The recommended PA9 solution design is as follows:
PA5Preproc
|
| Tokens (eg TT_IDENTIFIER)
v
CY86Parser
|
| CY86Instructions (eg move64 x64 y64)
v
CY86ToX86Translator
|
| X86Instructions (eg mov r12 r13)
v
X86Assembler
|
| X86MachineCode (eg 4D 89 EC)
v
X86Program
For later assignments you will then reuse and extend your X86Instruction and X86Assembler components in the final stages of your real backend.
As you will discover the CY86Parser and CY86ToX86Translator components are small and just for testing. In particular, the CY86 language is not intended to be an intermediate form used in PA10 and future assignments. You may decide later to extend the CY86 language to serve as an intermediate form in your future designs, but this is not required or recommended.
The CY86Parser is a very simplified version of a parser like the one you wrote for PA6. The CY86 language has only eight non-terminals and is a regular language so this will be trivial. As output from your CY86Parser you will want to have a sequence of CY86Instructions that form an object model of the various CY86 opcodes and operands. You can use the usual object-oriented techniques to model the different kinds of operands and their association with the instruction that contains them.

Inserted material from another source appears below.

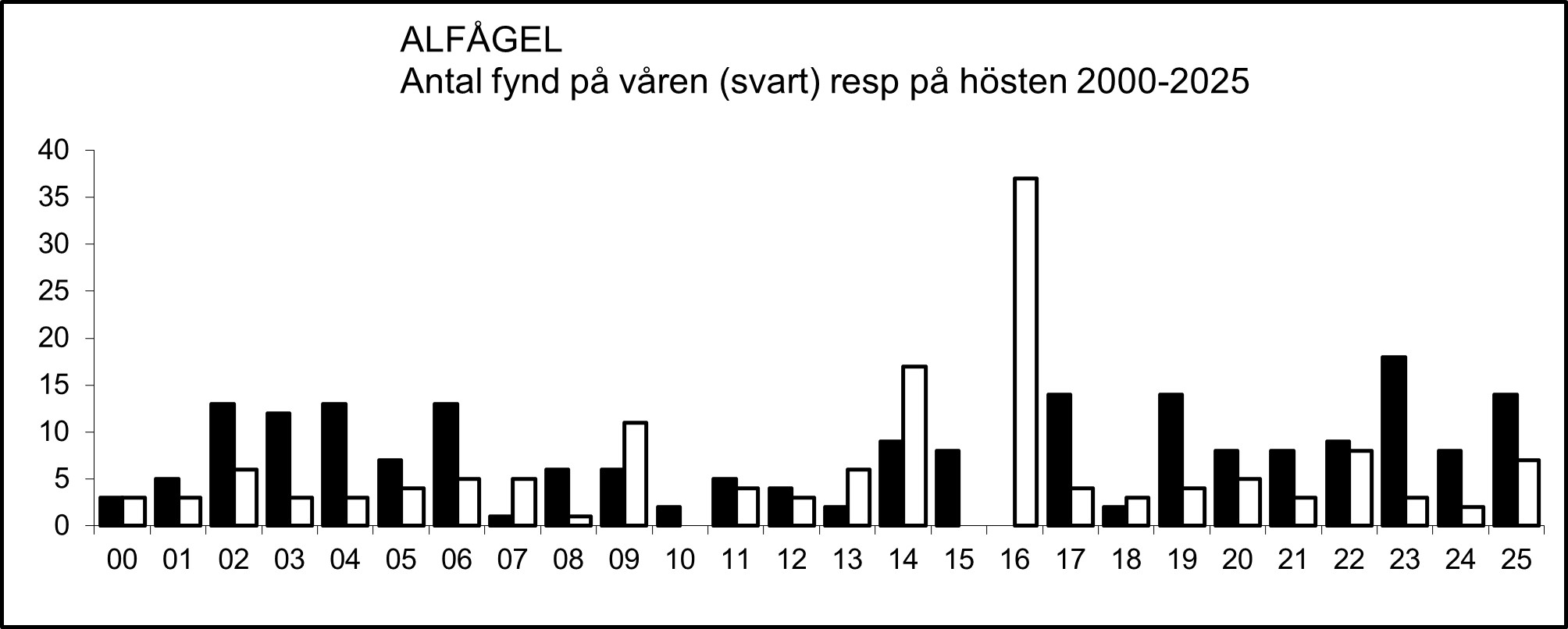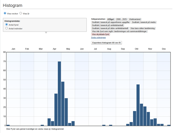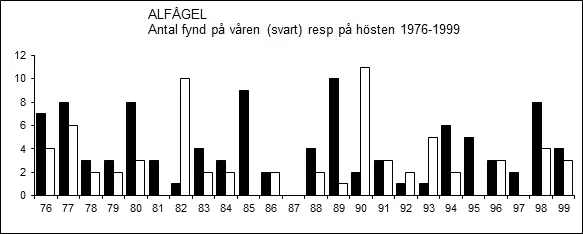 Flest fynd av alfågel har gjorts i april och maj, samt i oktober och november.

You will also want to perform a short semantic analysis phase to tie up labels and to check operand type and transform operand widths and so on.

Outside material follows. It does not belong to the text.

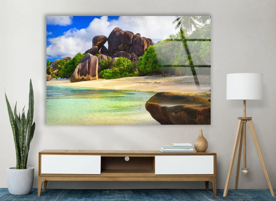 Granitküsten-Wandbild – Üppiger tropischer Strandglasdruck

The next step is to plan out which x86 instructions you will want to use to translate CY86 into, and how you will use registers/memory. Each CY86 instruction can be translated into a short fixed finite sequence of x86 instructions. There are multiple ways to do this, but as a recommended simple design we suggest the following:
You can directly back the CY86 registers with x86 registers as follows:
cy86 x86
---- ---
sp rsp
bp rbp
x64 r12
y64 r13
z64 r14
t64 r15
The stack register and base register are obvious. The reason r12 to r15 are recommended for the other registers is that they are not used for anything else in other x86 instructions or in system calls, so this is conveniant as they are never clobbered.
Then to translate a CY86 instructions you can use the other x86 registers freely. Generally speaking the way we recommend to translate a non-floating-point CY86 instruction is as follows:
- load the input operands into some fixed x86 registers for the instruction (like rax, rbx, etc)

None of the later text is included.